Our revenues in 2007 decreased by $53 million, or 0.4%, as
compared with 2006, primarily as a result of volume declines and
divestitures, offset largely by increased yield from base
business and higher recycling commodity prices. The loss of
revenue due to volume declines in 2007 has resulted primarily
from pricing competition and a significant slowdown in
residential construction across the United States.

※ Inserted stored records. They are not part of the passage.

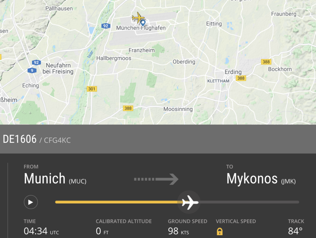 Zum Einsatz kam ein fast 23 Jahre alter A320 mit der Kennung D-AICE. Der Flug hatte die Nummer DE1606 und sollte am 18. Juni von München nach Mykonos fliegen. Auf Flightradar kann man diesen kurzen Verlauf anhand der Daten nachverfolgen und erkennen, dass die Maschine fast 100 Knoten erreicht hatte.
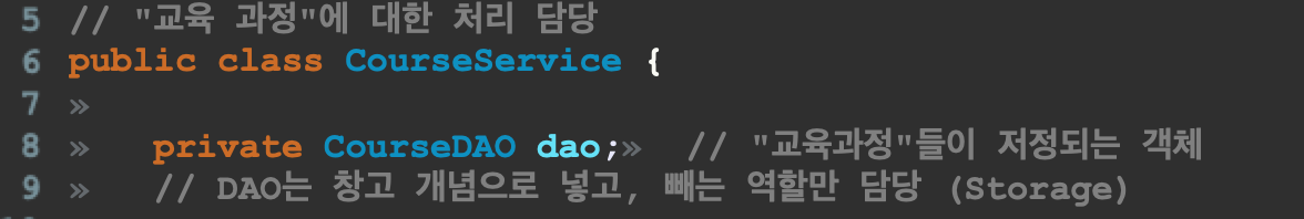 private CourseDAO dao; // "๊ต์ก๊ณผ์ "๋ค์ด ์ ์ ๋๋ ๊ฐ์ฒด
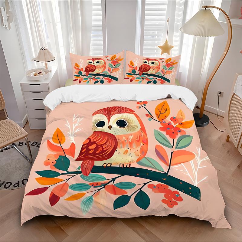 3pcs Cuddly Owl Design Bedding Set, Including Soft and Comfortable Home Bedroom Fabric L022
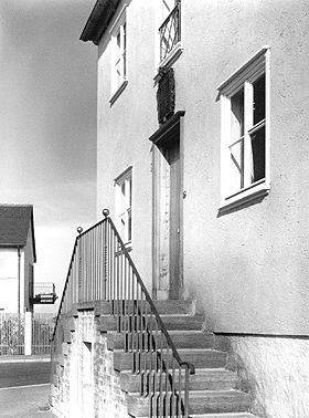 [6/39] Haus Nr. 1, Architekt Paul SchmitthennerNordseite mit Gedenktafel über der Eingangstür, Stuttgart 1933
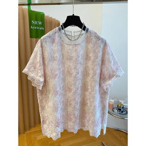 ブルー高级感レースブラウスレディース半袖トップス夏2025新作ゆるい刺繍ブラウスtシャツ洋風ブラウス
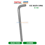 CLE ALLEN LONG N°19 TOPTUL, est un outil spécialement conçu pour serrer ou desserrer des vis à six pans creux (vis Allen) dont la taille est de 19 mm. Le terme “longue” indique que la partie hexagonale.
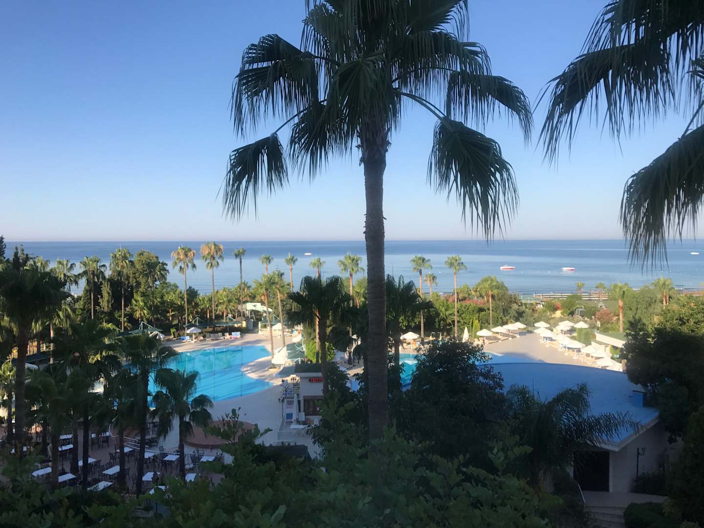 Aussicht auf Pool und Strand
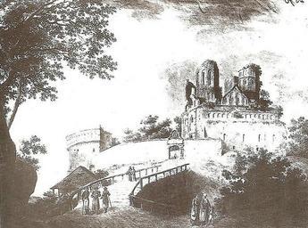 Keywords: Острозький замок.JPG uk Залишки замку в Ост озі а хів uk П Расле Creator P Rassler 1799 PD-old-100 Epiphany Church in Ostroh 16th century Ostroh castle Historical images of Ostroh
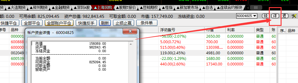 您的意思说资产总值不包括逆回购这部分吗? 方便截个下面的图看下,点击一下交易面板的“详”,或者不方便可以通过QQ1971344681发给工作人员看一下
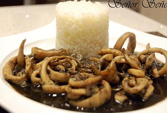 A mi cuñado y a mi nos encanta esta receta y la verdad que he puesto en la foto como acompañamiento arroz blanco, pero con patatas fritas nos gusta muchos más, eso sí, tienen que ser cortadas a cuadraditos! Con los calamares no valen que esten cortadas a lo largo jejeje no saben igual!! Bueno espero que os guste la receta de calamares en su tinta de mi madre porque todo lo ha hecho ella así que hoy se lleva ella todas las felicitaciones.
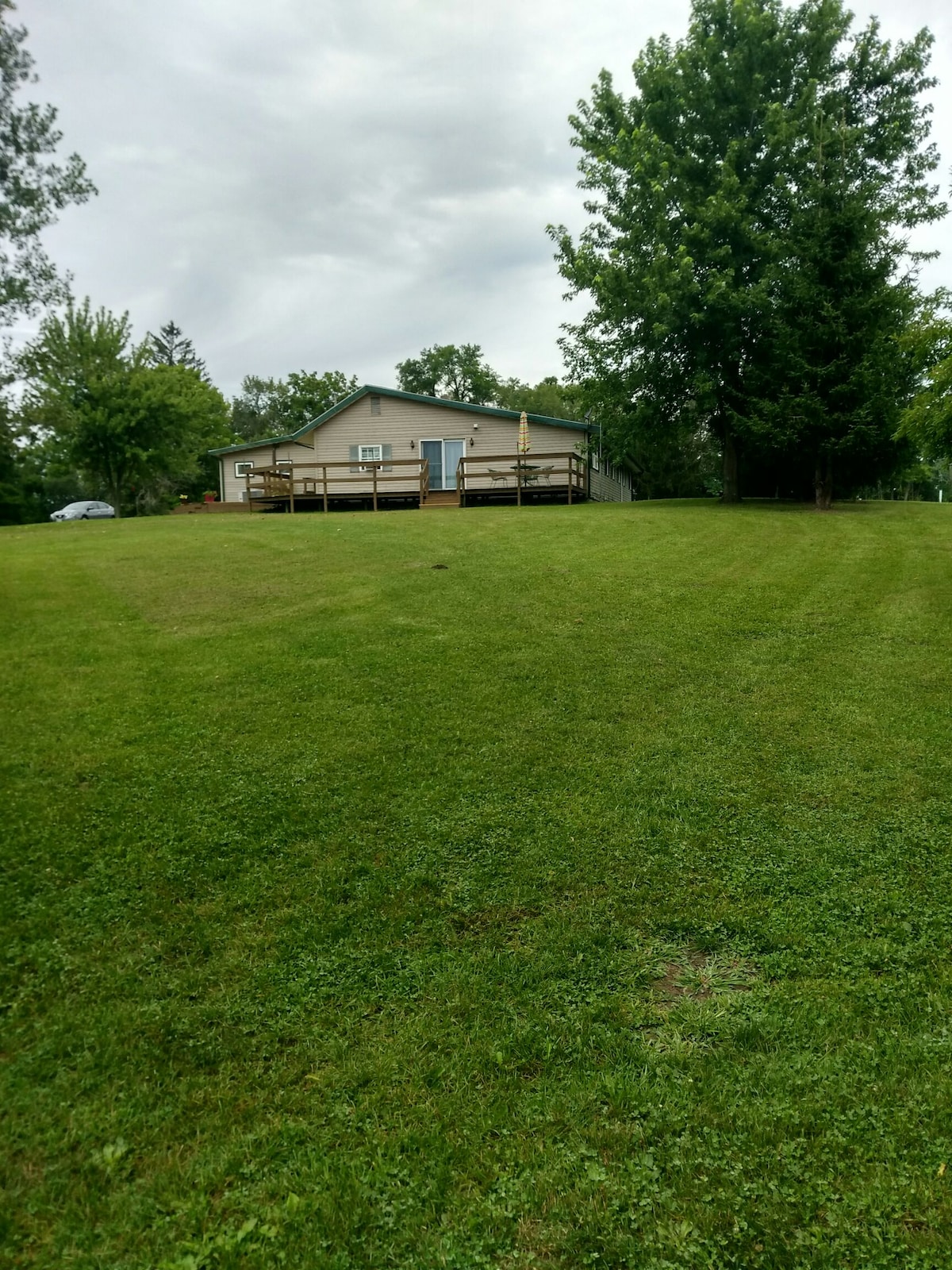 Nous avons élevé une grande famille et avons maintenant plusieurs chambres vides à l'une des extrémités de notre maison. Il y a 3 chambres et 4 lits (2 lits King Size et 1 lit jumeau... également un matelas jumeau pliant pour le sol), une salle de bain et un salon. Ce n'est pas chic, mais propre et confortable. Le petit déjeuner est une option si je suis disponible et si vous le demandez à l'avance. Nous sommes en face du lac Manitou. Nous sommes également à proximité de 2 terrains de golf. Nous sommes à quelques kilomètres de l'autoroute 31. TARIF SPÉCIAL POUR LA PÉRIODE DU 18 AU 31 MARS
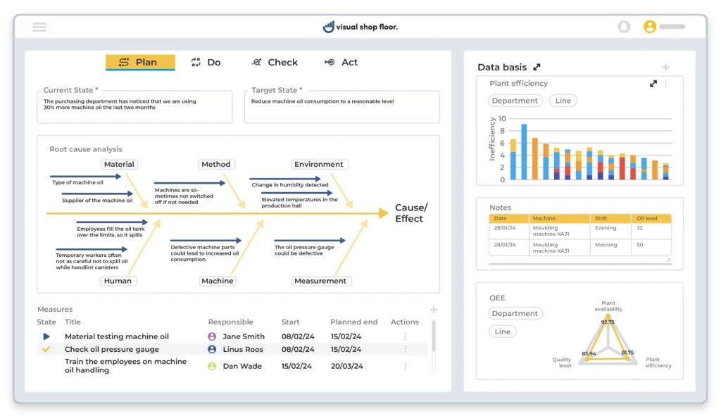 Visual Shop Floor is the ideal platform for designing the CIP process in a contemporary way and establishing a positive improvement culture together with your employees. With continuously updated key figures, combined with task management and established methods from LEAN management, you create the ideal basis for a flexible way of working and for the motivation of your employees as a central driver for process optimization.
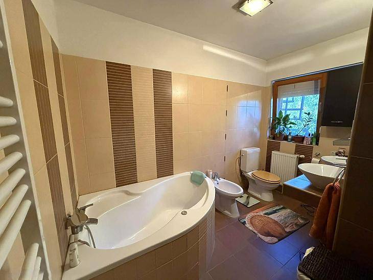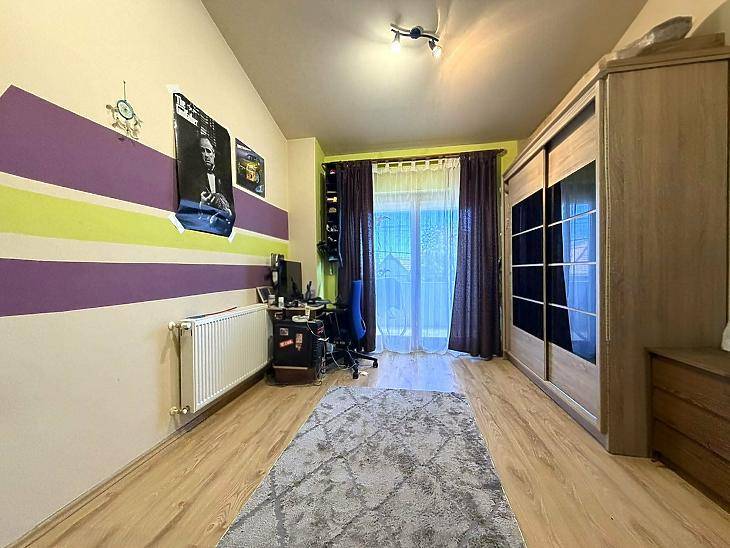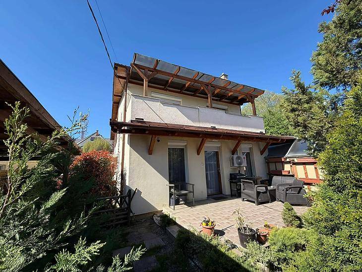 XVII. KERÜLETBEN, RÁKOSCSABA-ÚJTELEPEN ELADÓ EGY 110 NM-ES, JÓ ÁLLAPOTÚ, KÉTSZINTES IKERHÁZFÉL, 215 NM-ES TELEKKEL, TÁROLÓVAL ÉS FEDETT KOCSIBEÁLLÓVAL.Az ingatlan B30-as Porotherm téglából épült, beton alappal és vasbeton gerendával.A homlokzat 10 cm-es dryvit szigetelést kapott, a tető kőzetgyapottal szigetelt. A nyílászárók minden helyiségben 3 rétegű, dupla üvegezésű fa ablakok, redőnnyel felszerelve. A vezetékek cseréje megtörtént.A fűtést és a melegvíz-ellátást kombi cirkó biztosítja, a földszinten padlófűtéssel kiegészítve. A nappaliban hűtő-fűtő klíma és kandalló is található. A szobák parkettásak, a többi helyiség járólappal burkolt.KIALAKÍTÁS: Földszint: amerikai konyhás nappali + étkező, szoba, kamra, zuhanyzós fürdőszoba + wc, közlekedő, előszoba, terasz.Emelet: 3 szoba, kádas fürdőszoba + wc, közlekedő, erkély.A KÖRNYÉK: Rákoscsaba-Újtelep csendes mellékutcája. A közelben, pár perc sétára található a Rákoscsaba vasútállomás, valamint a 176E, 198 jelzésű buszok és a 998-as éjszakai járat. Közelben található bevásárlási lehetőség, gyógyszertár, óvoda, iskola, játszótér. Az M0-ás autópálya könnyen elérhető.IRÁNYÁR: 149.8 M FT VEVŐINK RÉSZÉRE A KÖZVETÍTÉS DÍJTALAN!A hirdetésben szereplő adatok tájékoztató jellegűek.
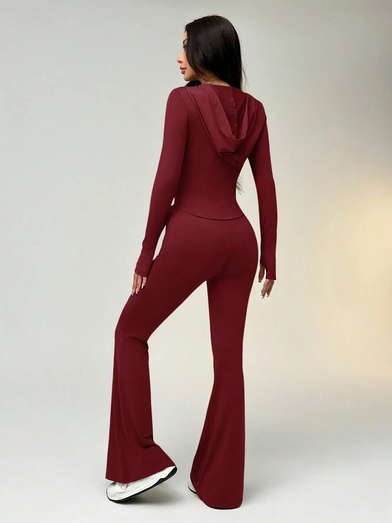 WOMEN'S SOLID COLOR ZIP-UP DRAWSTRING HOODED SHIRT AND FLARED PANTS SET
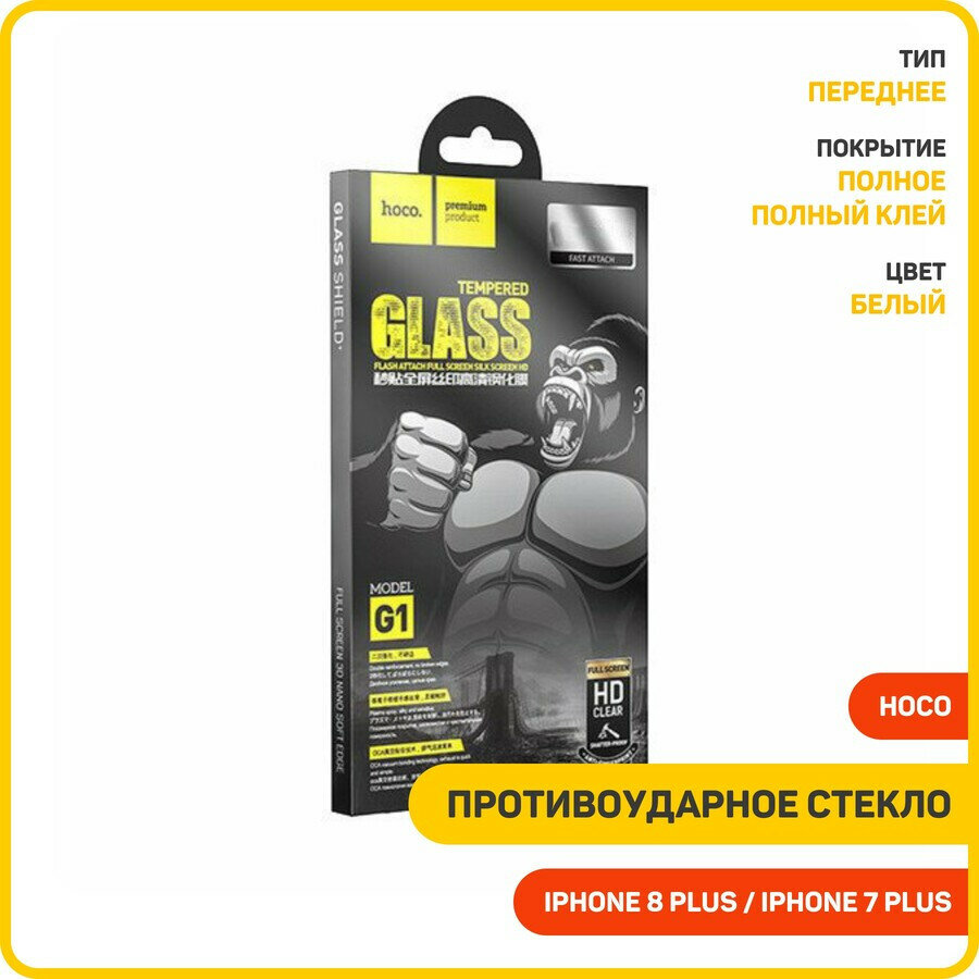 Противоударное стекло 2D Hoco G1 для Apple iPhone 7 Plus / iPhone 8 Plus (полное олеофобное покрытие) белый информация:

In 2007, we decreased our operating expenses despite incurring
$35 million in operating costs during the year for labor
disputes in Oakland and Los Angeles, California. In 2007,
operating expenses decreased by $185 million, or 2.2%, and
as a percentage of revenue, declined by 1.2 percentage
points as compared with 2006. Our selling, general and
administrative expenses increased by $44 million, or 3.2%,
as compared with 2006, primarily a result of higher costs
associated with the implementation and execution of our
strategic initiatives that we believe will improve operations
and processes over the long-term.
Table of Contents
Our free cash flow increased in 2007 due to lower capital
spending and increased proceeds from divestitures, the effects
of which were partially offset by lower net cash provided by
operating activities. Our capital expenditures were less in 2007
than 2006 largely due to relatively high levels of fleet capital
spending in 2006 to prepare for significant mandated changes in
heavy-duty truck engines that began in January 2007. The
increase in proceeds from divestitures was a result of our
continued fix-or-seek exit initiative. We calculate free cash
flow as shown in the table below (in millions):
We expect that in 2008 we may continue to face challenges
related to volume losses as a result of general economic
conditions and pricing competition. However, we are redirecting
some of the focus in our sales department from the right-pricing
of existing customers, which has largely been completed, to
seeking out new customers that will provide profitable growth to
our business. Throughout 2007, we continued to focus on building
a trusted brand that stands for quality, reliable service,
safety and environmental protection. We plan to cultivate this
reputation; focus on quality customer service; actively manage
our capital requirements and scheduled debt repayments; and grow
our business with targeted acquisitions and other investments
that will improve our current operations performance and
enhance and expand our services. We believe all of these
measures will ensure our ability to return value to our
shareholders.
Technology Update For the last several years, we
have been introducing systems and technologies to improve our
business processes and profitability. We recently have
successfully deployed our FastLane system, an enterprise-wide,
automated point-of-sale system for management of scale house
ticketing and our Compass system, a fleet maintenance system
that automates many shop functions and tracks repairs. We also
are proceeding with pilots of onboard computer systems for our
fleet collection operations and modules for our pricing program.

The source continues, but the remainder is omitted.